(Source data)

== Segment start ==

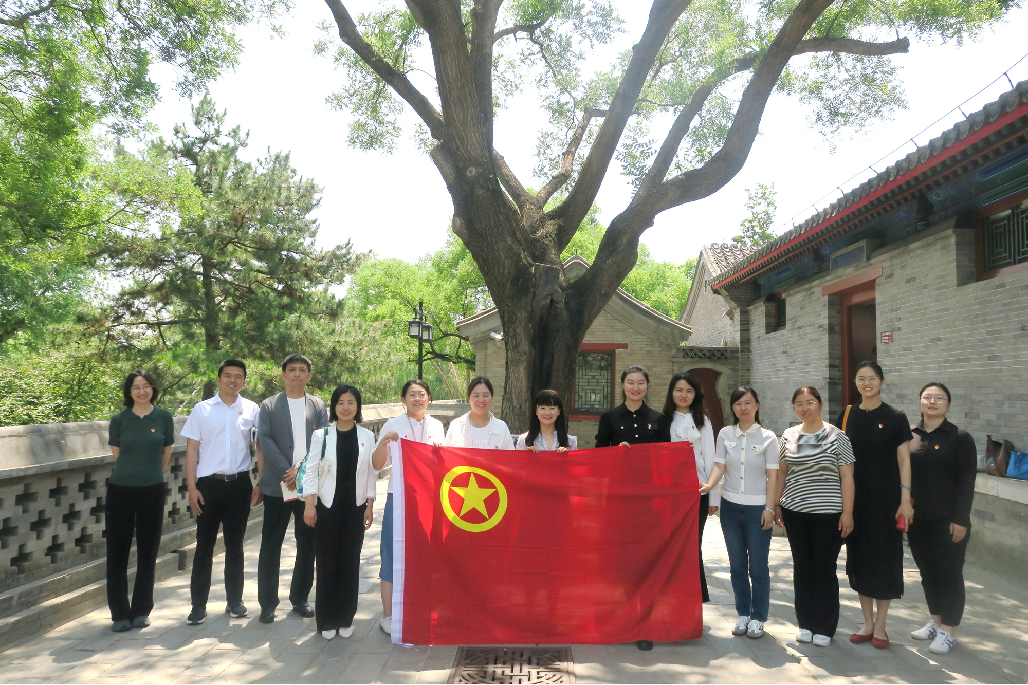 1920年毛澤東第二次來京期間,與輔仁學社同仁在慈悲庵就驅張運動進行會商,并在門口大槐樹下合影留念。
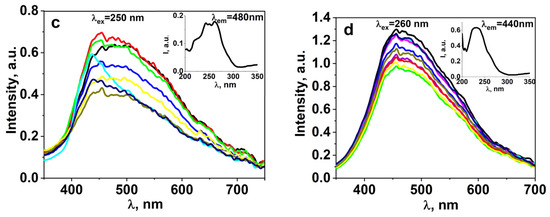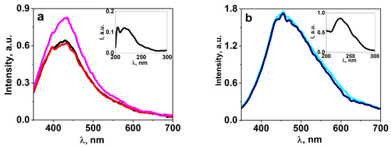 A series of studies on the luminescent properties of W-activated samples of synthesized ceramics BaF2, MgF2, BaMgF4 was carried out: photoluminescence (PL) excitation and emission spectra in stationary conditions using the SM2203 SOLAR spectrometer. In a generalized form, the spectra are presented in Figure 8. The figures present the results of spectral measurements of fluorescence from individual sections of the sample to demonstrate the homogeneity of properties. The inserts in the spectra show the excitation spectra of luminescence. The spectra highlighted in different colors in the graph (Figure 8) indicate that the spectra of the same sample from different regions are highlighted in different colors.
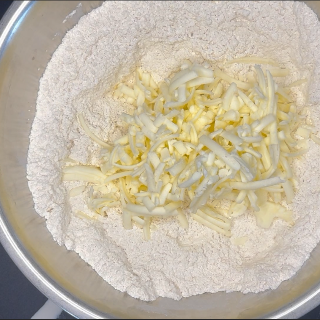 Step 2: Add the grated butter and combine with hands until it creates small crumbles.
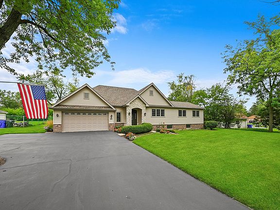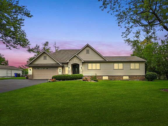 Fabulous ranch home situated on a spectacular, professionally landscaped half acre lot.This home took on a major remodel in 2010 with great room addition , new windows, siding , roof, brick and stone, furnace,Ac, and hot water heater. Entire kitchen remodeled in 2021 with 42 inch cabinets , quartz countertops,tiled back splash, ceramic flooring, stainless appliances, large walk in panry, and under cabinet lighting.You will love to entertain in the large great room featuring 10 foot ceilings, oversized windows allowing tons of natural light, and oversized fireplace with remote start, granite surround and custom oak mantle.All new stain free carpet installed in 2022 . Entire interior freshly painted. 6 panel solid oak doors and trim throughout. Master bedroom boasts boasts updated ensuite with nice walk in closet. Hall bath has also been updated.Heading downstairs you will find a finished lookout basement with a half bath and laundry area. Oversized 27 x 22 garage Seller wil leave cabinets on north wall.If your looking for privacy you will love the beautiful tree lined yard with large shed with electric . Great summer fun on large maintenance free Trex deck with natural gas line for grill. This is truly a incredible home and lot that any buyer will fall in love with!!
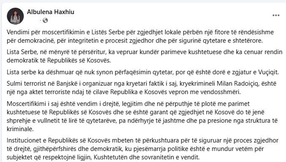 “Vendimi për moscertifikimin e Listës Serbe përbën një fitore të rëndësishme për demokracinë, integritetin e procesit zgjedhor dhe sigurinë qytetare e shtetërore. Lista Serbe, në mënyrë të përsëritur, ka vepruar kundër parimeve kushtetuese dhe ka cenuar rendin demokratik të Republikës së Kosovës. Ajo nuk ka synuar përfaqësim qytetar, por ka shërbyer si dorë e zgjatur e Vuçiqit. Sulmi terrorist në Banjskë, i organizuar nga kryetari i saj faktik, Milan Radoiçiq, është një nga aktet kriminale ndaj të cilave Kosova ka reaguar me vendosmëri”, ka deklaruar Haxhiu.
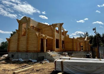 Дом строится по индивидуальному проекту нашего заказчика. Общая площадь составляет 684 квадратных метра.В строительстве мы используем клееный брус собственного производства из сосны и кедра с сечением 245х270мм.
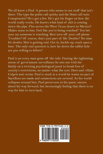 We all know a Paul. A person who seems to see stuff that isn’t there. The type the polite call quirky and the blunt call nuts. Conspiracies? He’s got a few. He’s got his finger on how the world really works. He knows what kind of shit is coming down the pipe. Flee across the West Texas desert to Mexico? Makes sense to him. Feel like you’re being watched? You bet your ass someone is watching. Best turn off your cell phone. Troubles? Of course, that’s just part of life. Doubts? No time for doubts. Shit is getting real. Get in, buckle up, crack open a beer. The only real question is, how far down the rabbit hole are you willing to follow? Paul is an every man gone off the rails. Fearing the tightening noose of government surveillance he sets out with his family on a twisting psychological jaunt to break free of society's restrictions, no matter what the cost. Hero and villain. Culprit and victim. Paul is stuck in a world he wants no part of. Sacrifices are made and connections are severed. As his world collapses around him, Paul perseveres in his quest, unsure about his way forward, but increasingly feeling that there is no way for him to turn back.

== Segment end ==

■ Required work
Restate the lines above from the one containing "ka deklaruar Haxhiu." through the one containing "Дом строится по", inclusive, exactly and without pictures.

■ Response to this task
 “Vendimi për moscertifikimin e Listës Serbe përbën një fitore të rëndësishme për demokracinë, integritetin e procesit zgjedhor dhe sigurinë qytetare e shtetërore. Lista Serbe, në mënyrë të përsëritur, ka vepruar kundër parimeve kushtetuese dhe ka cenuar rendin demokratik të Republikës së Kosovës. Ajo nuk ka synuar përfaqësim qytetar, por ka shërbyer si dorë e zgjatur e Vuçiqit. Sulmi terrorist në Banjskë, i organizuar nga kryetari i saj faktik, Milan Radoiçiq, është një nga aktet kriminale ndaj të cilave Kosova ka reaguar me vendosmëri”, ka deklaruar Haxhiu.
 Дом строится по индивидуальному проекту нашего заказчика. Общая площадь составляет 684 квадратных метра.В строительстве мы используем клееный брус собственного производства из сосны и кедра с сечением 245х270мм.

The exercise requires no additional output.